The Justice Department argues, however, that the town’s reading of the First Amendment is “exactly backward.”

“[T]he Town seeks to permit the content and viewpoint discrimination against religious worship that the Free Speech and Free Exercise Clauses prohibit and to prohibit the equal access for religious expression that the Establishment Clause permits,” the brief explains. “The court should hold that Plaintiff Redeemer Fellowship has established a likelihood of success on its Free Speech and Free Exercise claims.”

A lawsuit was filed on behalf of Redeemer Fellowship by one of the nation’s leading conservative religious freedom legal nonprofit groups, Alliance Defending Freedom. In the lawsuit, ADF argued that there is “no compelling government interest sufficient to justify prohibiting religious worship services in the Civic Center.”

ADF contends that the church is being discriminated against because of their beliefs.

“Redeemer Fellowship is being told they are unwelcome — in the same civic center where secular groups may meet and where another church already rents a room for Bible studies, vestry meetings, and theological training,” ADF Senior Counsel Erik Stanley, director of ADF's Center for Christian Ministries, said in a statement. “The town is constitutionally required to treat religious organizations equally and fix its policy barring Redeemer Fellowship from worship.”

This is far from the first religious freedom case that the Trump Justice Department has submitted a brief on, but it's the first since the departure earlier this month of former Attorney General Jeff Sessions, who issued an extensive guidance to federal agencies in October 2017 calling for protection of religious freedom.

That guidance was issued in response to President Donald Trump’s May 2017 executive order promoting religious freedom.

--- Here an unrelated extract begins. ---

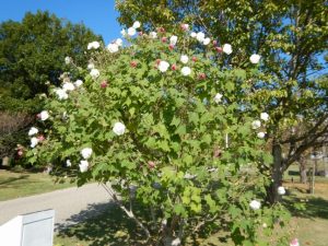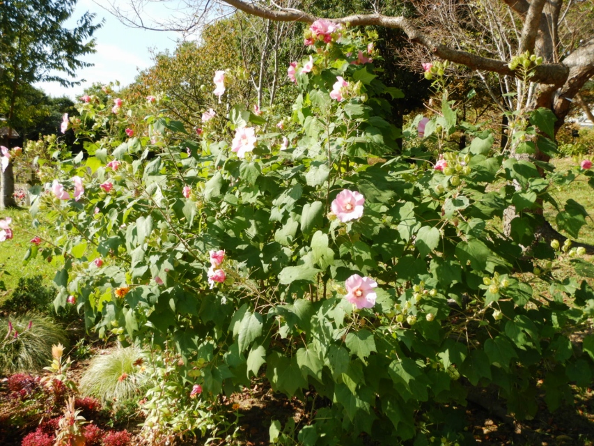 園内のフヨウは老朽などでめっきり減り、今は花の丘道とポプラの丘の接点あたりで数本見られる程度です。新たな植樹の準備をしているので、来年をお楽しみに。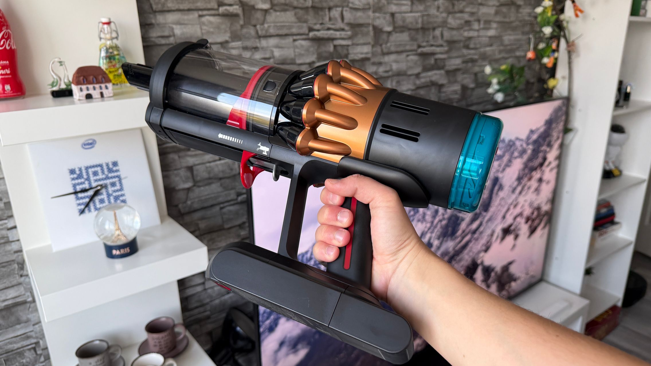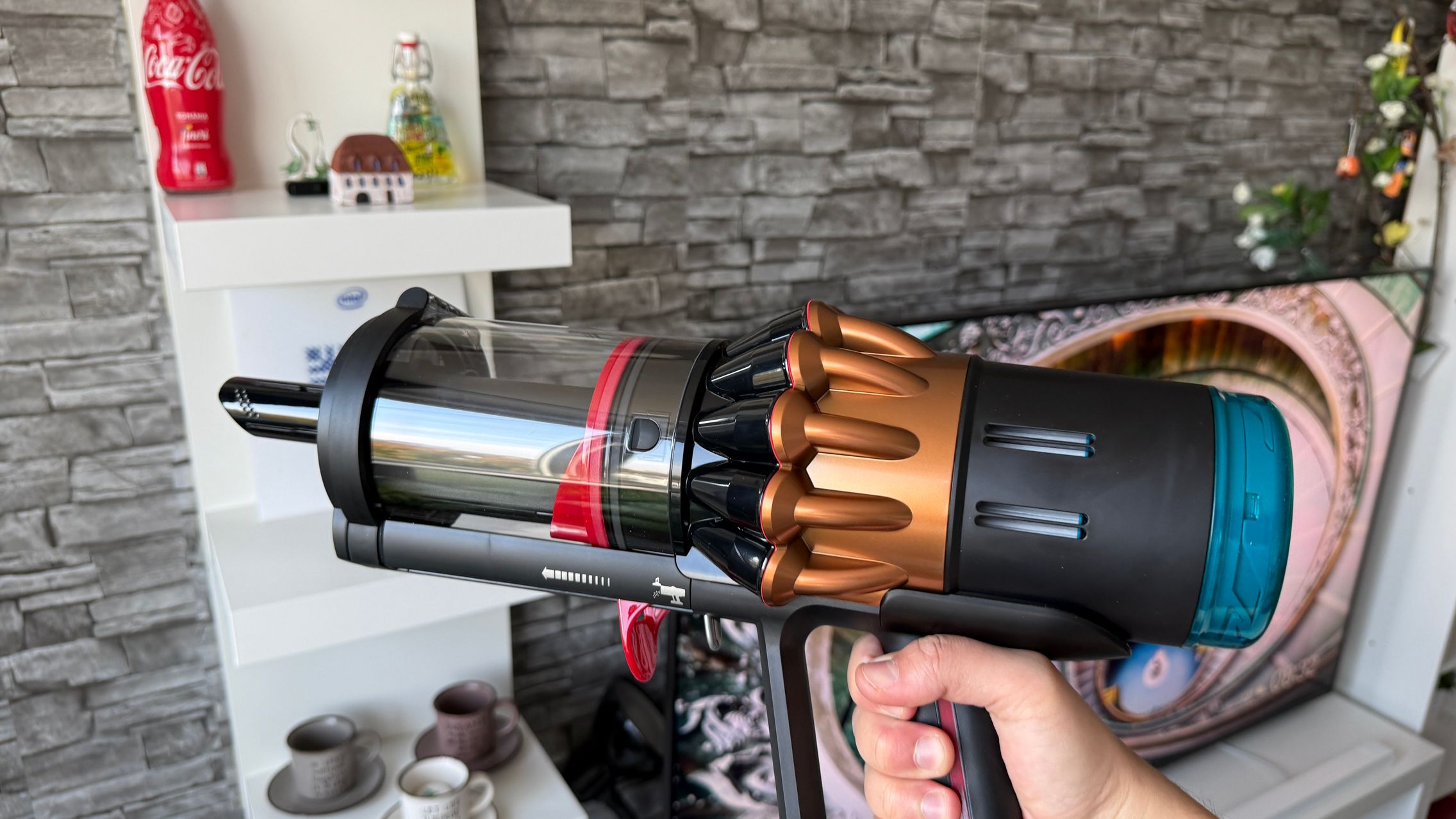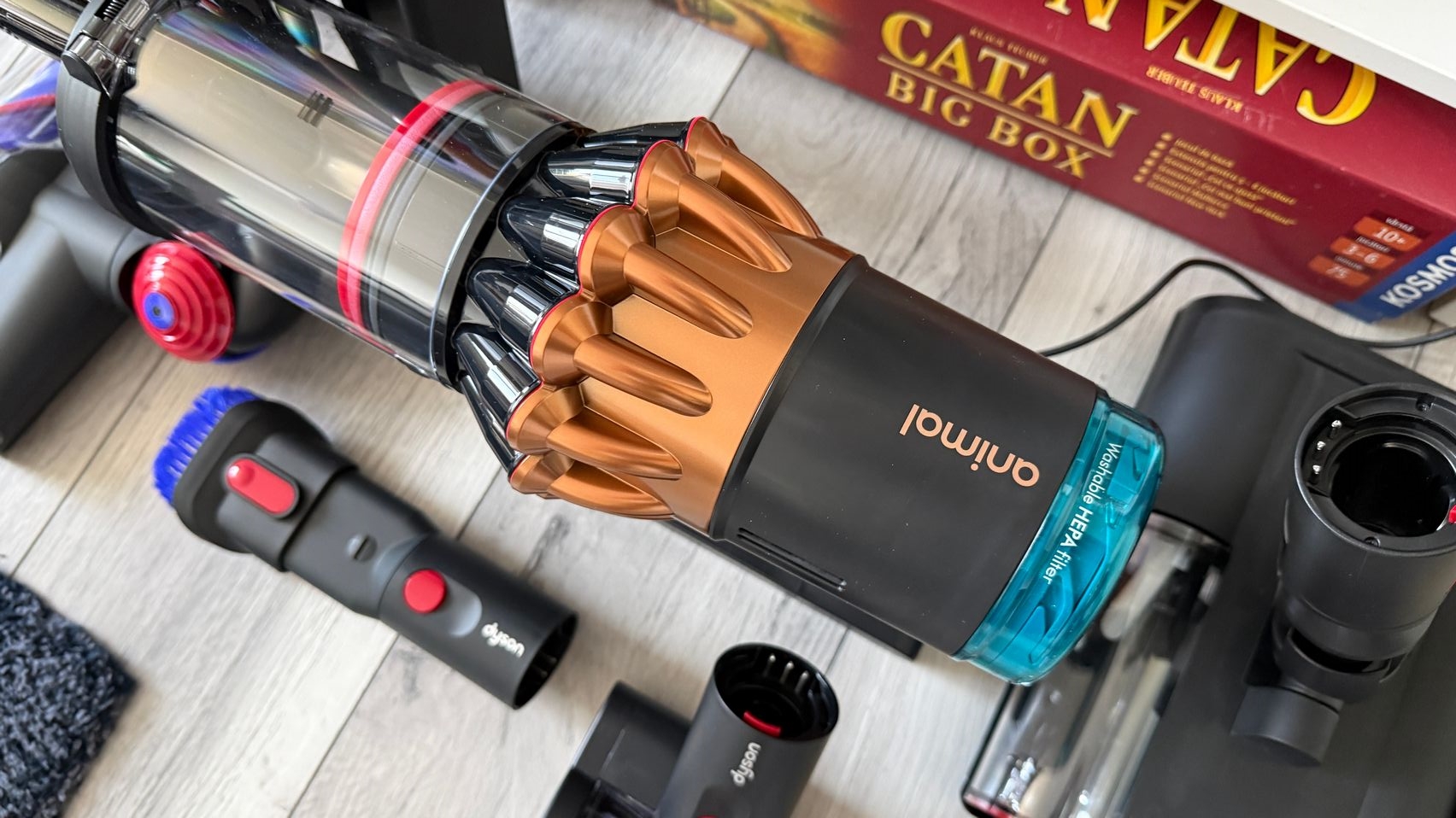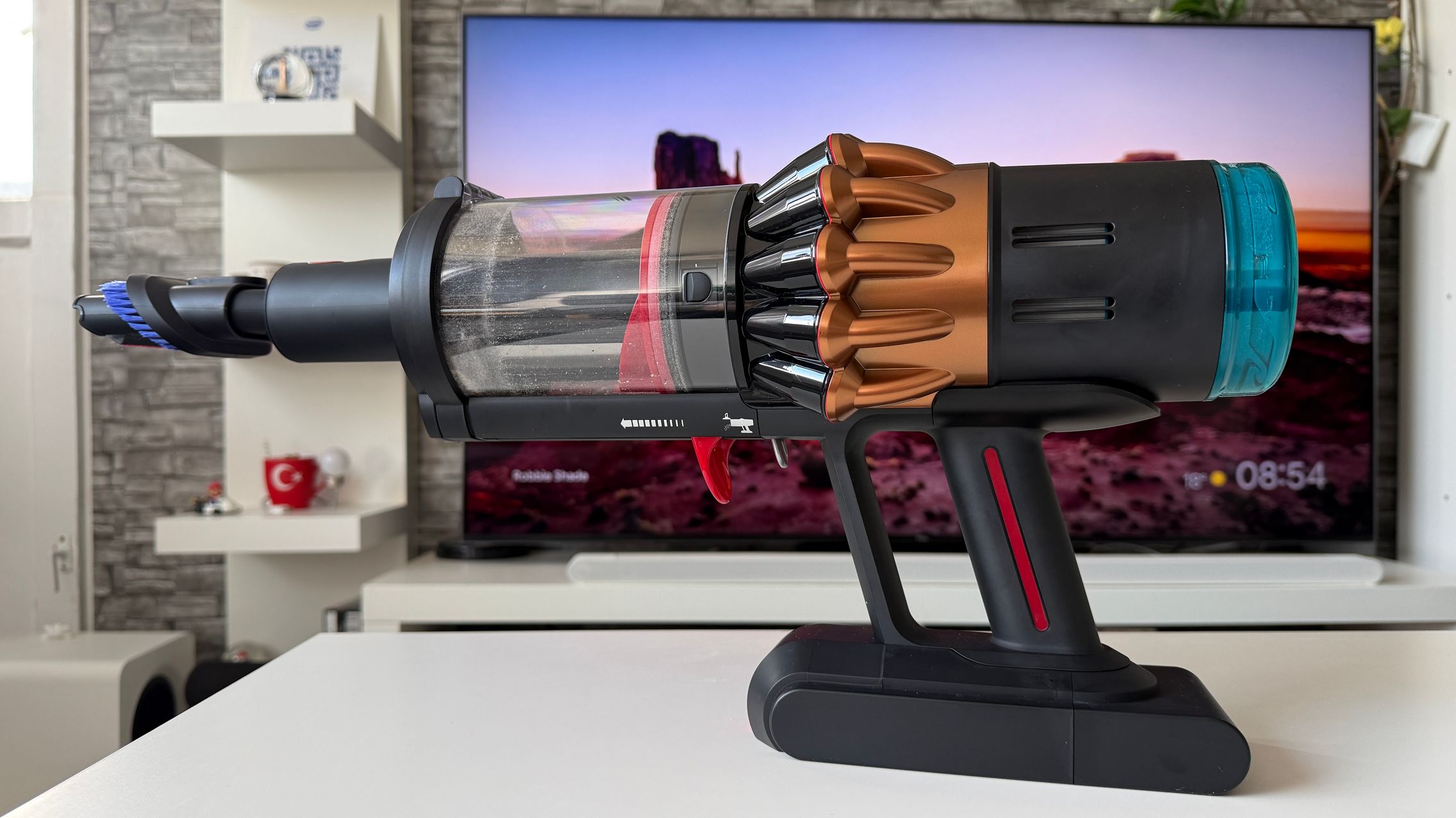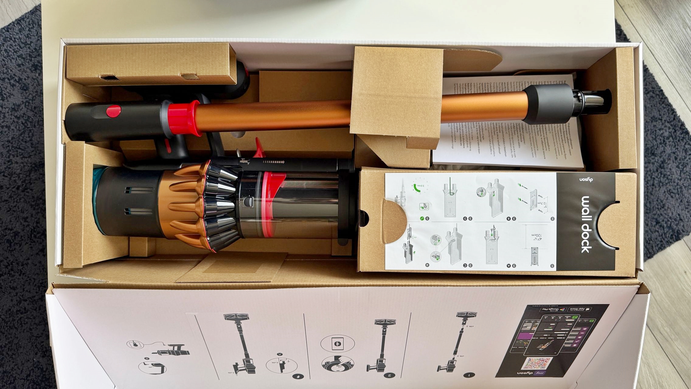 Legat de accesorii, în cutie am dat de soluții de curățare potrivite pentru orice suprafață, de la podele şi covoare până la locuri greu accesibile. Totul este extrem de bine organizat la interior și mi-e teamă că nu voi mai reuși să pun totul cap la cap odată ce trebuie returnat aspiratorul către Dyson. Așa, trecând peste, am găsit aici unitatea central, aspiratorul, greoi la prima impresie și așa spune și lista de dotări, având 3.5 kg. Ca design, arată diferit faţă de rivalii săi, cu o combinaţie de nuanţe vii, ca roşu şi albastru, plus acel tub de culoarea bronzului. Zici ca e din Cyberpunk! Fiind vertical nu trebuie să te mai apleci şi nici să tragi de vreun aspirator cu rotiţe sau corp masiv.

"The Constitution protects the right of individuals and groups to exercise their religion without discrimination because of their religion,” Acting Attorney General Matthew Whitaker, who was appointed on Nov. 7, said in a statement. “The First Amendment requires that religious individuals and groups have the same opportunity to rent public facilities as other members of the community. The Department of Justice is committed to protecting the First Amendment rights of Americans, including fostering the religious expression of members of all faiths.”

The Justice Department had previously submitted briefs in support of more high-profile cases, such as its brief last year to the U.S. Supreme Court in support of Christian Colorado baker Jack Phillips who was punished by the state for refusing to bake a cake for a same-sex wedding.

In October, the Justice Department submitted a brief to the Supreme Court asking it to take up the case of a Christian funeral home company whose owner was accused of violating discrimination law when he fired a biologically male transgender employee who wanted to wear female clothing consistent wither her gender identity.